Kinshasa, 28 septembre 2025 – Le ministère de la Justice a annoncé la suspension, pour une durée de cinq semaines, de la délivrance des permis de culte, des certificats de nationalité et des documents de personnalité juridique. Une décision prise à la suite de révélations sur des pratiques de corruption et de trafic de documents sensibles au sein de l’administration.
Une mesure exceptionnelle pour assainir le système
Dans un communiqué diffusé ce dimanche, le ministère de la Justice a précisé que cette suspension vise à « restaurer la confiance des citoyens dans les institutions et assurer un service de qualité ». Guillaume Ngefa, ministre de la Justice, a confirmé qu’un audit et une enquête approfondie seront menés pour identifier les responsabilités et mettre en place des mécanismes de contrôle plus stricts.
« Il ne s’agit pas d’une sanction temporaire, mais d’un processus de réforme structurelle pour garantir l’intégrité de l’État », a déclaré le ministre.
Des pratiques de corruption dénoncées de longue date
Cette suspension intervient dans un contexte où la délivrance de documents officiels est régulièrement pointée du doigt.
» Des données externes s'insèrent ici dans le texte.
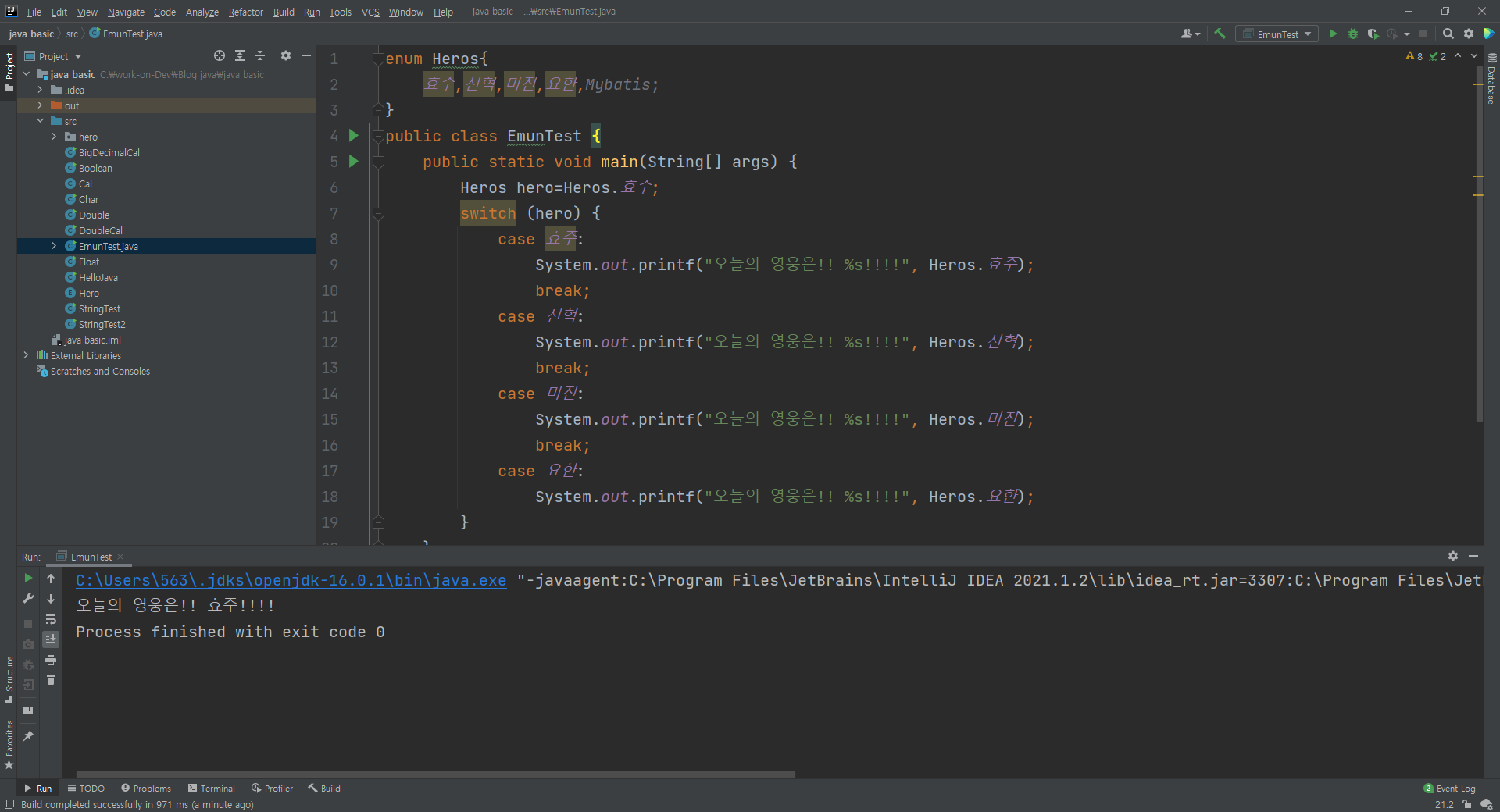 System.out.printf("오늘의 영웅은!! %s!!!!", Heros.신혁);

Des ONG, des avocats et des associations de la société civile dénoncent depuis plusieurs années des fraudes et surfacturations dans l’obtention des certificats de nationalité ou des autorisations de culte.
Certains usagers affirment avoir dû recourir à des réseaux parallèles pour obtenir ces documents en raison de lenteurs administratives, un système qui alimente la corruption et fragilise la confiance du public envers l’État.
Un enjeu politique, juridique et social
Les permis de culte concernent directement les Églises et confessions religieuses, qui jouent un rôle central dans la société congolaise, tant sur le plan spirituel que social. Leur suspension pourrait affecter la régularisation des nouvelles communautés religieuses en attente d’agrément.
De même, les certificats de nationalité sont des documents essentiels pour les démarches administratives, judiciaires et électorales. Dans un pays où les questions de citoyenneté ont souvent alimenté les tensions politiques et identitaires, leur gestion transparente est cruciale pour la stabilité.
Vers une réforme en profondeur ?
L’annonce du ministre Guillaume Ngefa s’inscrit dans une volonté plus large de moralisation de la vie publique en RDC, régulièrement critiquée pour la faiblesse de ses institutions et la persistance de réseaux informels. Reste à savoir si cette suspension temporaire se traduira par des réformes durables, capables de mettre fin à des pratiques qui minent la confiance des citoyens dans l’État.